Undeterred by Hurricane Sandy, the U.S. Supreme Court justices were back in their chairs Monday morning hearing arguments in an important case about government eavesdropping. The case takes up one of several challenges to the government’s broad post-9/11 power to electronically monitor foreigners and Americans. The plaintiffs – human rights activists, journalists and lawyers – say this eavesdropping is invoking a justified fear that their confidential conversations about sensitive foreign information will be intercepted. This has had a chilling effect on their work, and has prompted them to travel abroad to have confidential conversations, rather than have them via phone or electronically, they say.

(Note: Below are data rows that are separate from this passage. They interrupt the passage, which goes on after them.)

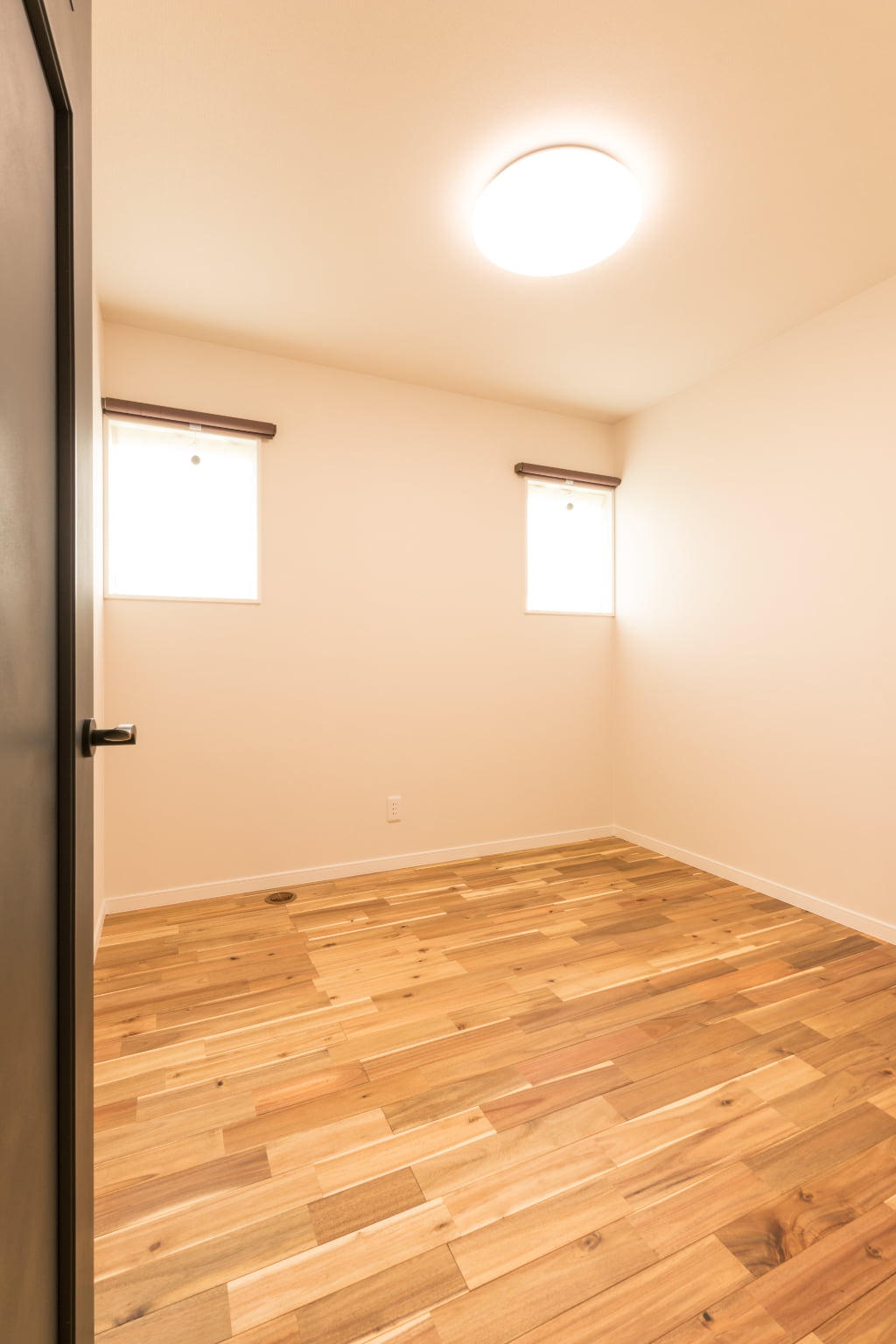 長女と次女の部屋はほぼ同じ間取りとし、ウォークインクローゼットをフリースペースに集中させることで室内をすっきりと保ちます。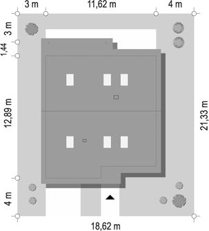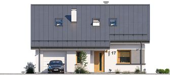 Graficzne opracowanie rzutów poglądowych widocznych na karcie projektu zostało wykonane przez Extradom.pl. Prezentowane przez Extradom.pl wizualizacje wykonane zostały przez autora projektu i należy poczytywać je jedynie za przykład i propozycję wykończenia, wizję architektoniczną autora projektu. Ostateczne wykończenie budynku może nastąpić na wiele sposobów. Szczegółowe rozwiązania zastosowane w oferowanej dokumentacji - w tym również ilość, lokalizacje i wygląd okien, drzwi, kominów - mogą w niewielkim stopniu różnić się od prezentowanej wizualizacji budynku.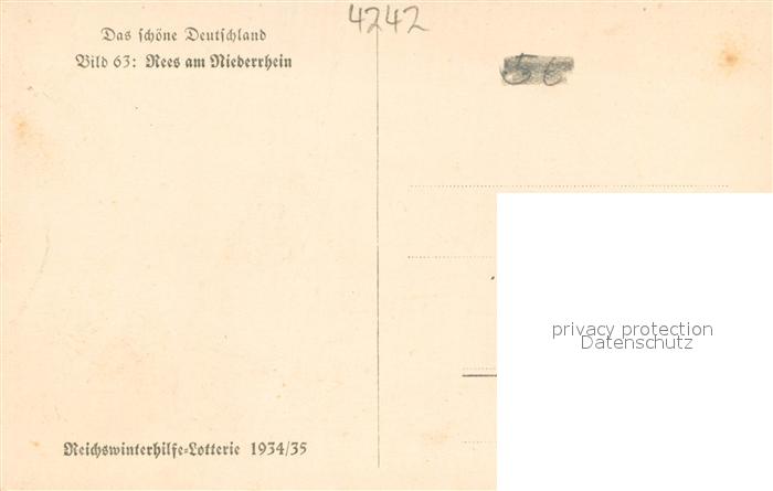 73692571 Rees Rhein Serie Das schoene Deutschland Bild 63 Reichswinterhilfe Lotterie 1934/35 postalisch nicht gelaufen Erhaltung siehe scans [FriedD77] KatCode: 11110005154044

But there is an obstacle to their challenge that has plagued almost every other attempt to question the sweeping federal policy: the plaintiffs must show that they particularly have been harmed by the government’s policy, i.e., that have “standing” to sue. While the federal appeals court in this case found that plaintiffs did have standing because they incurred significant expense traveling abroad, other courts have held otherwise (including the trial court in this case), reasoning that their fear is merely “abstract,” since they cannot prove whether their communications are actually being intercepted.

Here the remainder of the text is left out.